If Medicaid is really as unsustainable as Republican governors insist, then the Terri Schiavo Life & Hope Network is not helping matters.

The Narberth, Pa.-based foundation is named after the comatose woman whose prolonged life or death, depending on your point of view, became a national flashpoint. The fight between her husband, who said she would not have wanted to live in a vegetative state, and her parents and brother, who wanted to keep her alive with all extraordinary measures, caused countless Americans to prepare their own living wills, spelling out what kind of care they did and did not want for themselves.

Schiavo died eight years ago, but her brother, Bobby Schindler, still maintains she should have been kept breathing at all costs. His foundation, he says, is dedicated to supporting others in similar circumstances.

Never mind that every Medicaid bed holding someone who's not going to get better displaces someone else with a real chance of improvement.

We already know that a disproportionate share of health-care dollars is spent in the last few weeks of life. A recent Wall Street Journal analysis showed that, in 2009, 6.6 percent of those who received hospital care died. Yet those 1.6 million people accounted for 22.3 percent of total hospital expenses.

Meanwhile, the Obama administration's efforts to expand Medicaid in order to cover more uninsured people are not going over well with some Republican governors. They're against government involvement in health care on principle; they don't trust the president's promise to cover the full cost of the first three years and 90 percent of the costs after that; and they say Medicaid is already overburdened without adding more names to the rolls.

The issues remain contentious not just because of the cost, but because of the moral and ethical considerations of life and death. And if ever there were an illustration of them, it was what happened to my elderly cousin.

Close to 90, she was in failing health, in and out of the hospital every few months and growing frailer by the day.

My nuclear family had kept her in the loop and enjoyed her company -- she was well-informed on the news, loved sports and remembered everything -- so it was sad to see her decline.

She had no estate to speak of, just a small insurance policy and a contract guaranteeing interment next to her mother. A living will seemed to be in order, since nobody wanted to be making decisions for her. So a few of us sat down with her to discuss the options.

The big question was: If you should have a catastrophic event such as heart attack or stroke, do you want to be kept alive by any means necessary even if there is no hope of recovery?

Her reply: "Only if it's absolutely necessary."

"Necessary for what?" we asked. "For getting better?"

"Yes."

"What if you won't get better?"

"That's different," she said.

"So if you're in a vegetative state and aren't going to get better, you don't want to be kept alive by tubes and machinery?"

"Not unless it's absolutely necessary."

We went around like this a few more times. Clearly, this woman did not want to die, period, and who could blame her? We dropped the living-will idea and kept visiting her in her apartment, the hospital and then the nursing home.

Down the hall was another elderly woman who wailed in agony at regular intervals, day after day. An aide said the patient was reliving childbirth on a continuous loop.

I looked at my husband and said, "If I ever get to that state, shoot me."

"Too messy," he said.

"OK, overdose me. Or get me the drugs and I'll overdose myself."
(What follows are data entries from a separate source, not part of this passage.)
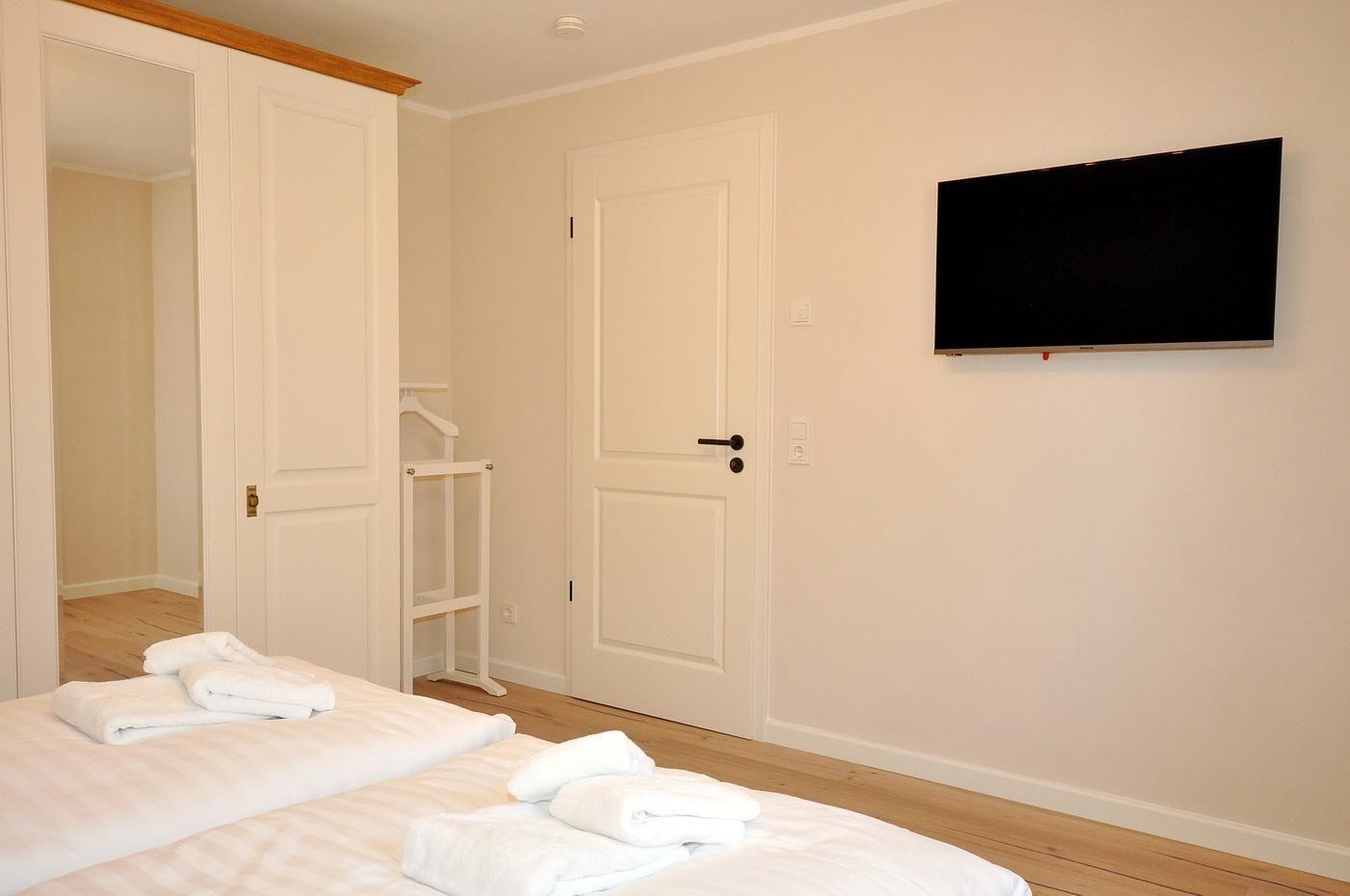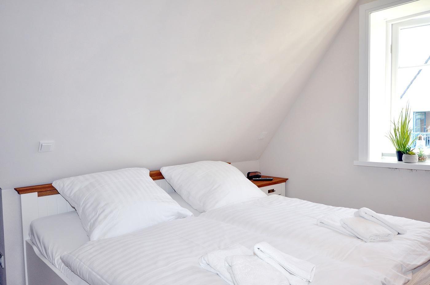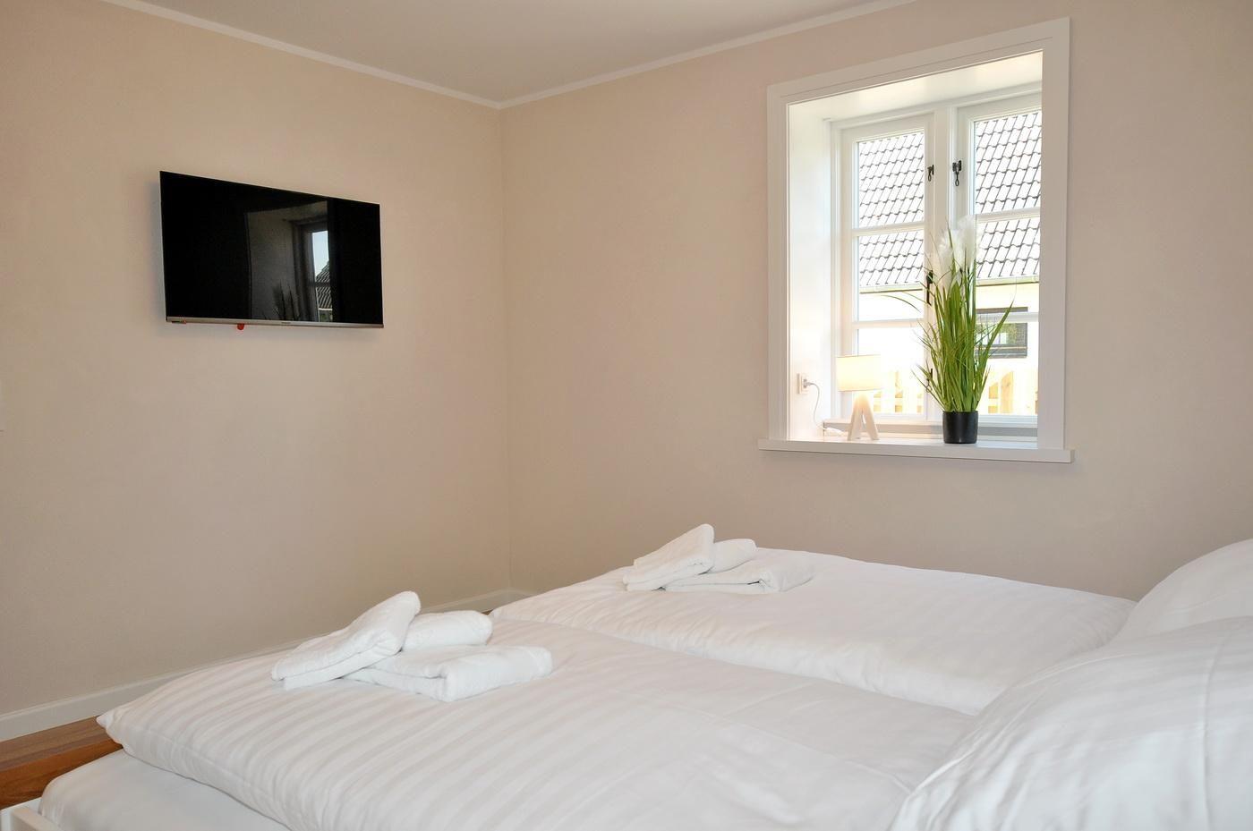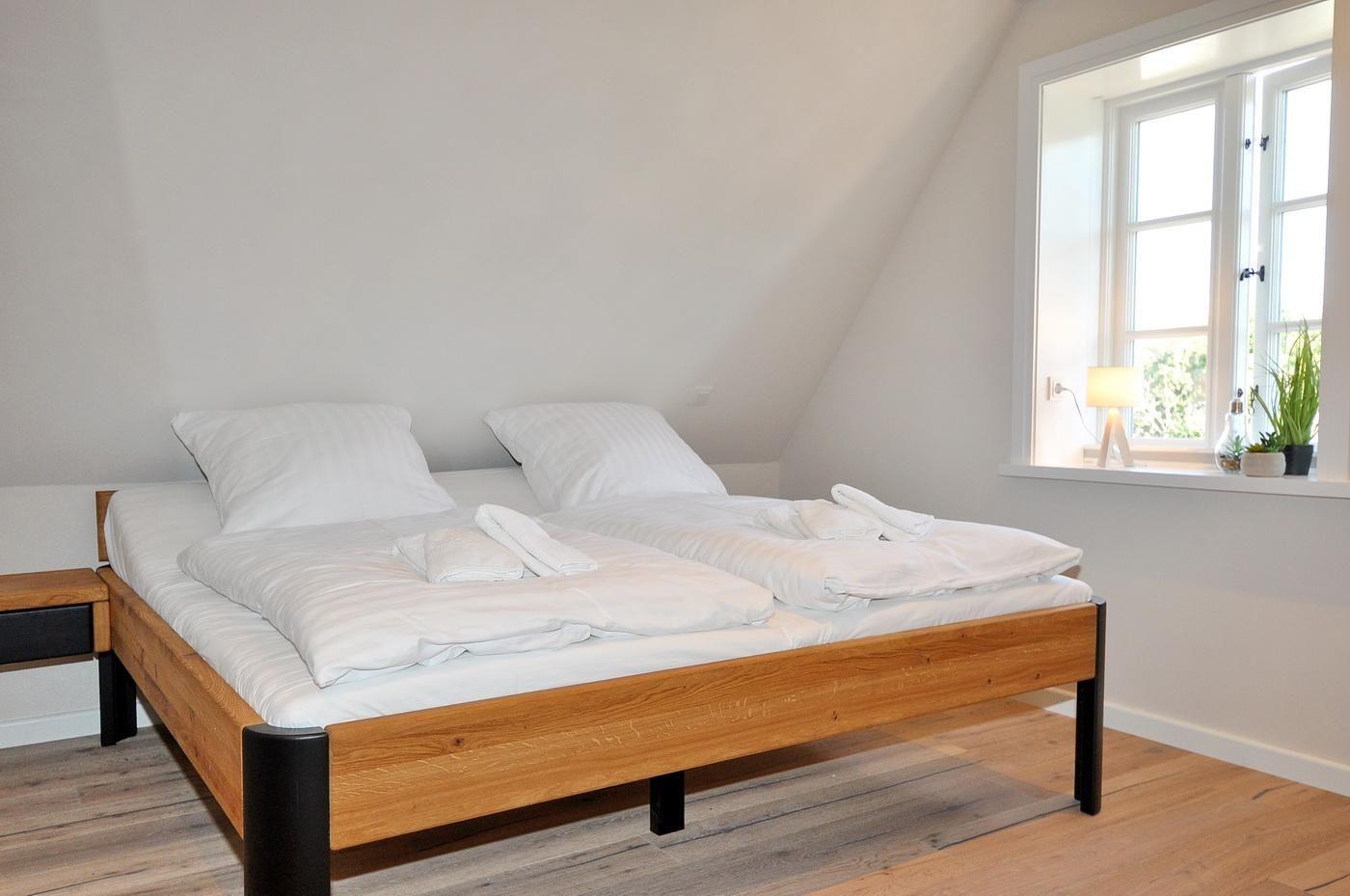Obergeschoss: ein Schlafzimmer mit Doppelbett (200 x 200 cm - Einzelmatratzen), TV und Duschbad/ WC en suite, ein Schlafzimmer mit Doppelbett (180 x 200 cm - Einzelmatratzen), TV und innenliegendem Duschbad/ WC en suite, ein Schlafzimmer mit Einzelbett (90 x 200 cm)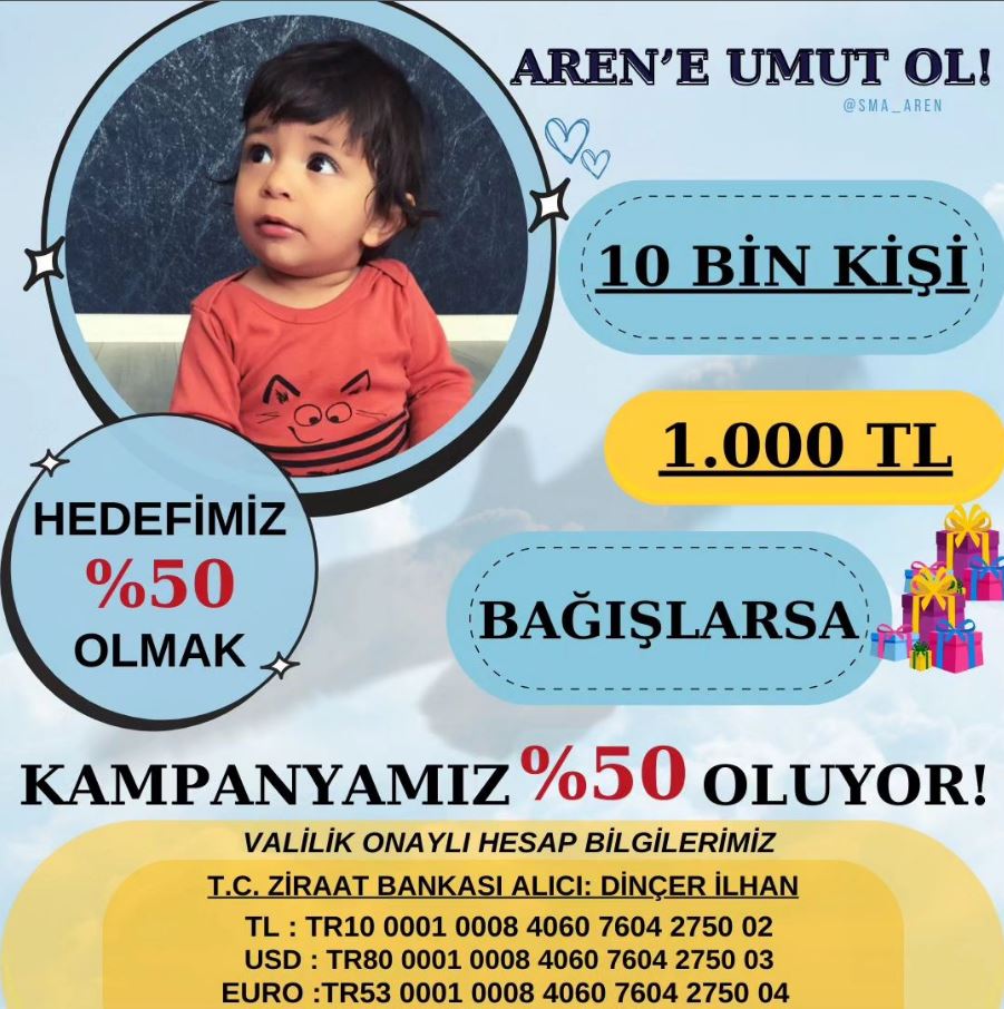 Küçük Aren, SMA hastası bir çocuk ve yardımınıza ihtiyacı var. Bizler, örgütlü gücümüzle onun yanındayız. Tüm sağlık ve sosyal hizmet çalışanlarına, tüm yurttaşlarımıza çağrımızdır: Aren'imize destek olalım. Birlikte, umudu büyütebiliriz.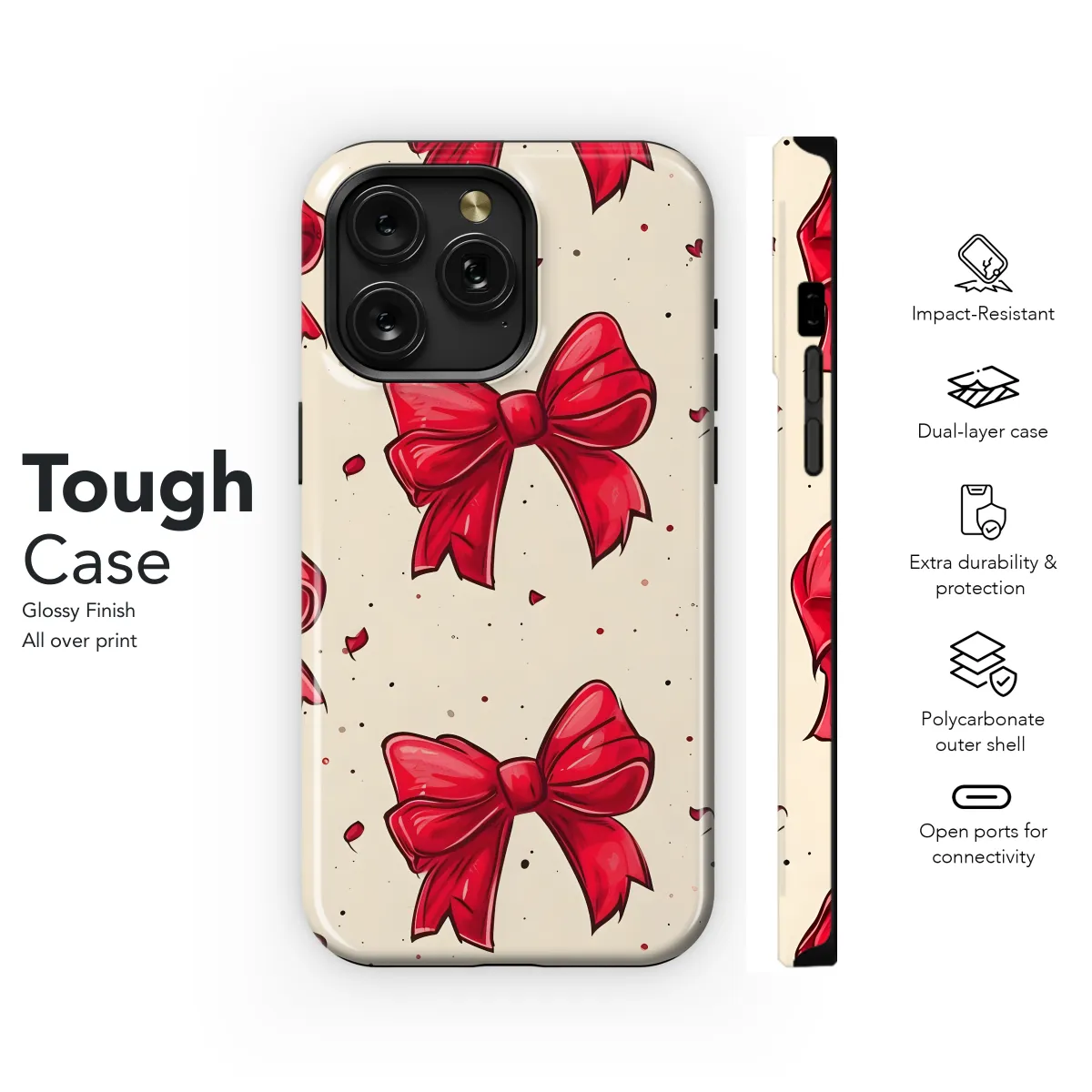 Protect your phone in style with our Red Bow Pattern Phone Case. This case features a striking red bow pattern on a durable TPU material, providing both protection and a touch of elegance. Its slim design ensures a perfect fit for your iPhone, Samsung, or Pixel smartphone, without adding bulk. The precise cutouts allow for easy access to all buttons, ports, and the camera. Keep your phone safe and elevate your style with our Red Bow Pattern Phone Case today!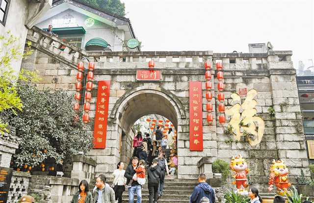 2月14日,游客在重慶市南岸區(qū)龍門(mén)浩老街游覽。新華社發(fā)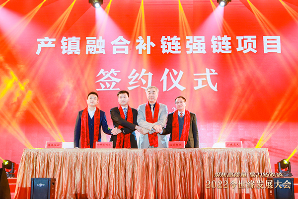 12月29日,2022今世緣發(fā)展大會舉行產(chǎn)鎮(zhèn)融合補(bǔ)鏈強(qiáng)鏈項(xiàng)目簽約儀式。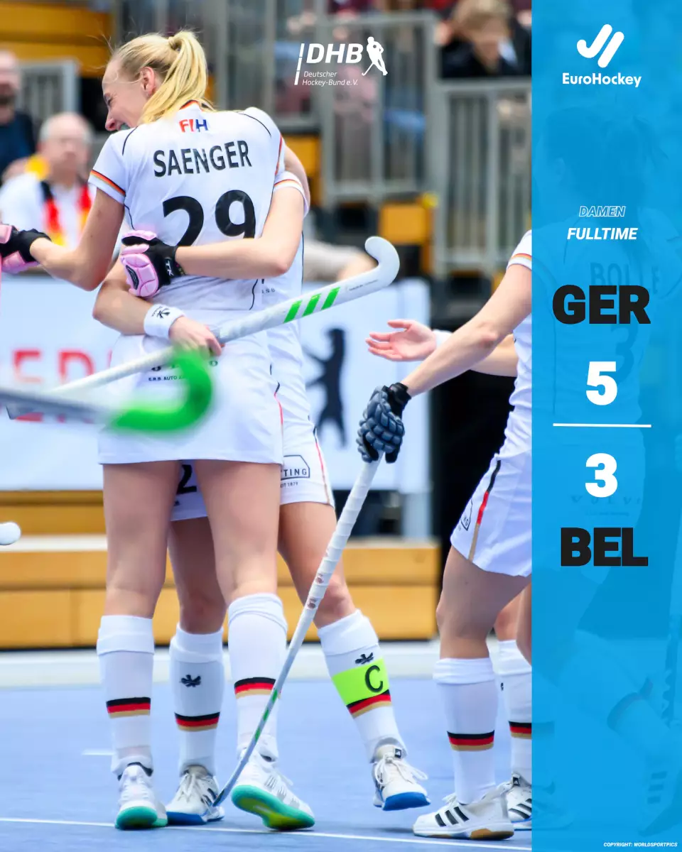Die letzten zehn Minuten begannen die Hallen-DANAS wieder ohne Torhüterin und mit sechs Feldspielerinnen. Sie kamen zu zahlreichen Torabschlüssen, doch die belgische Torhüterin glänzte in dieser Phase mehrfach. Erst in der 37. Minute gelang Deutschland das 5:2. Laura Saenger schoss ihr insgesamt viertes Tor von halblinks ins kurze Eck. Das Spiel endete mit einer Strafecke für Belgien, die Marie Ronquetti im deutschen Tor versenkte. Endstand 5:3 und Deutschland gewann auch sein letztes Gruppenspiel bei der Heim-EM.

We weren't entirely joking, having thought more than our fair share about the possibilities of my demise. Living with cancer will do that to you. Most of the time, when I'm in remission and feeling good, it's off the radar. But every time it comes back (three so far), I have to consider that it could be the beginning of the end. I don't want to die, but I don't want to suffer either. And while I'm all for prolonging my life, I'd rather my death be a quick one.

Or, as my older brother put it, "The best thing is to go to sleep and wake up dead."

My cousin grew progressively weaker and needed more drugs for her pain. We called in the hospice to keep her comfortable and took turns at her bedside. She'd sleep fitfully and awaken with a start.

"I'm afraid to go to sleep," she said. Of course she was. It might mean waking up dead.

Which, finally, is what happened. She died overnight; her fear and suffering were over. Extraordinary measures never came into play. But they might have. What would we have done? Could we, in good conscience, have withheld heroic measures, knowing she wanted them, but also that their exorbitant cost would serve no meaningful purpose?

Many of us may have to answer this question at some point. Health-care rationing sounds evil, but the fact is, we're already doing it, based on who's covered and who isn't. Our challenge is finding a way to provide the best care at the lowest cost to the most people by the most efficient means.

But when I think of Terri Schiavo's brother, and the nation's Republican governors, and my cousin, I have to wonder if we're up to it.